▶ **WHAT YOU WILL DO**
Copy, word for word, the lines of the listing below from the line with "PARIS, 6 junio, 2024" up to and including the line with "Come celebrate Alzheimers". Drop the pictures.

▶ **DATASET ENTRIES**
====

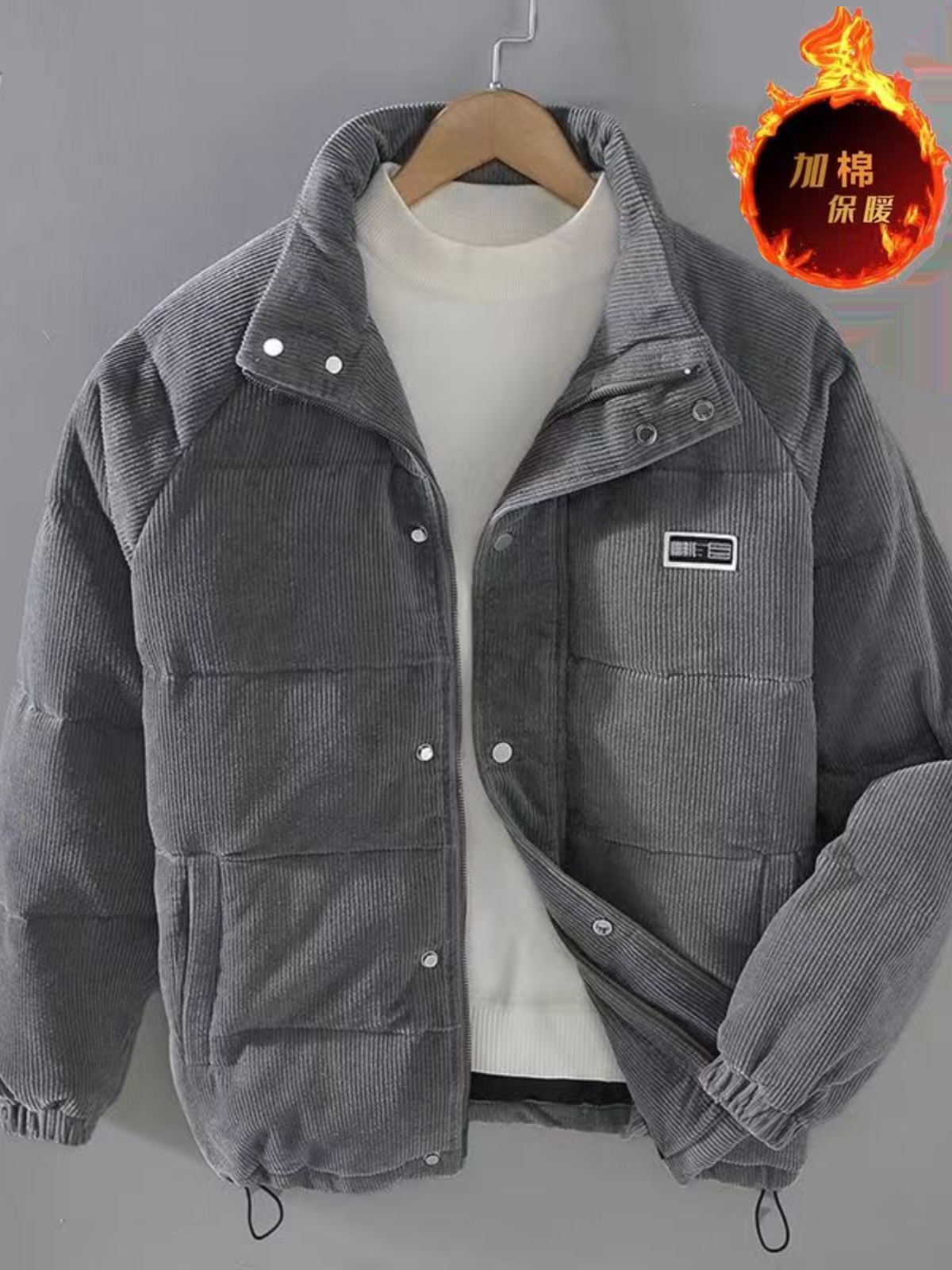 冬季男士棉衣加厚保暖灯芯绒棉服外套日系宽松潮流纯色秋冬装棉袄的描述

====

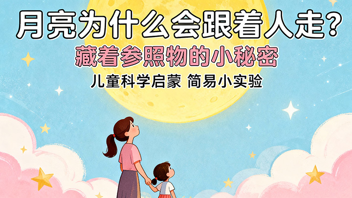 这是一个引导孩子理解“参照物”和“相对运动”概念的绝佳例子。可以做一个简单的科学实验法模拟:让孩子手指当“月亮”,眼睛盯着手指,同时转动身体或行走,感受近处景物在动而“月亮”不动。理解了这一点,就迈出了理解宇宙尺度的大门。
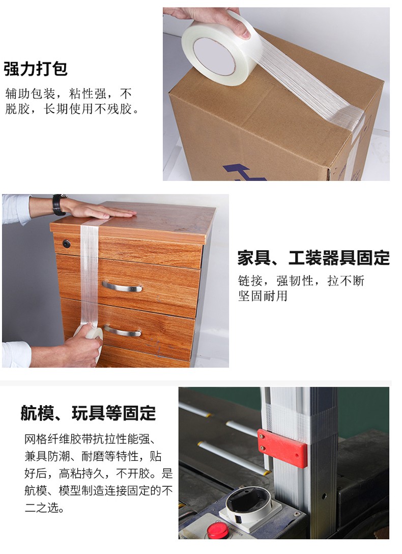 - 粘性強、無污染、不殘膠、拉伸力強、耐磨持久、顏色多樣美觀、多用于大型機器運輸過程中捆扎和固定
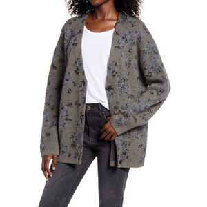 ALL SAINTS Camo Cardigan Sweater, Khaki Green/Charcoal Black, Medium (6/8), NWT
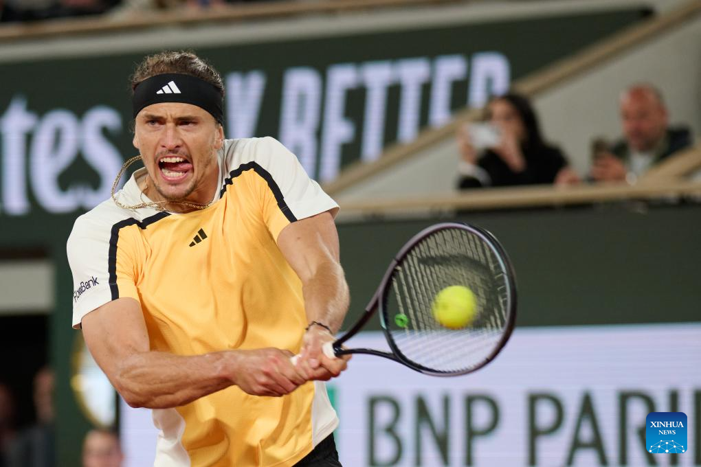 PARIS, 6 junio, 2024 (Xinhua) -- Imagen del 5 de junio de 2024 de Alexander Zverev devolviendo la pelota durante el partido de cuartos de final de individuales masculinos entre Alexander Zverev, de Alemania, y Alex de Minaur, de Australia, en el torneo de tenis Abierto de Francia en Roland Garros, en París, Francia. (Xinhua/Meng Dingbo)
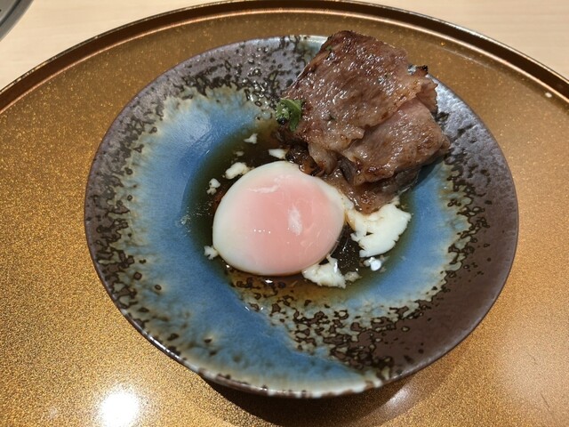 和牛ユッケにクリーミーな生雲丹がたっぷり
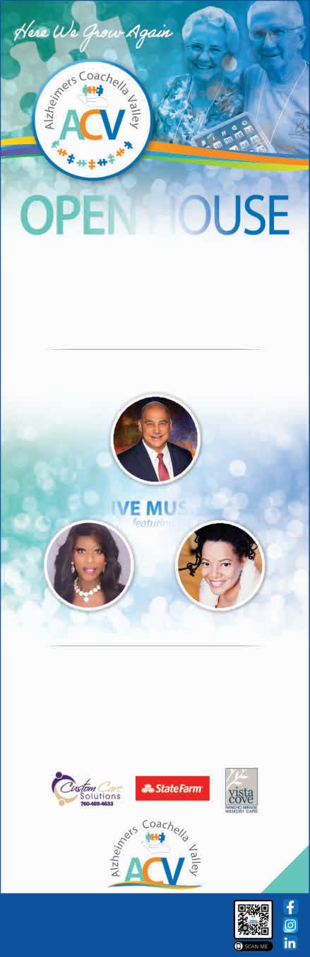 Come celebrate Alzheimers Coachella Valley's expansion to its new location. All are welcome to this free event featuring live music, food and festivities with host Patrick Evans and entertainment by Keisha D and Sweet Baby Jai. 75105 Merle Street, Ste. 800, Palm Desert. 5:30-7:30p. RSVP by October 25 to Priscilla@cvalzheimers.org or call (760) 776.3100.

====

▶ **TASK RESULT**
 PARIS, 6 junio, 2024 (Xinhua) -- Imagen del 5 de junio de 2024 de Alexander Zverev devolviendo la pelota durante el partido de cuartos de final de individuales masculinos entre Alexander Zverev, de Alemania, y Alex de Minaur, de Australia, en el torneo de tenis Abierto de Francia en Roland Garros, en París, Francia. (Xinhua/Meng Dingbo)
 和牛ユッケにクリーミーな生雲丹がたっぷり
 Come celebrate Alzheimers Coachella Valley's expansion to its new location. All are welcome to this free event featuring live music, food and festivities with host Patrick Evans and entertainment by Keisha D and Sweet Baby Jai. 75105 Merle Street, Ste. 800, Palm Desert. 5:30-7:30p. RSVP by October 25 to Priscilla@cvalzheimers.org or call (760) 776.3100.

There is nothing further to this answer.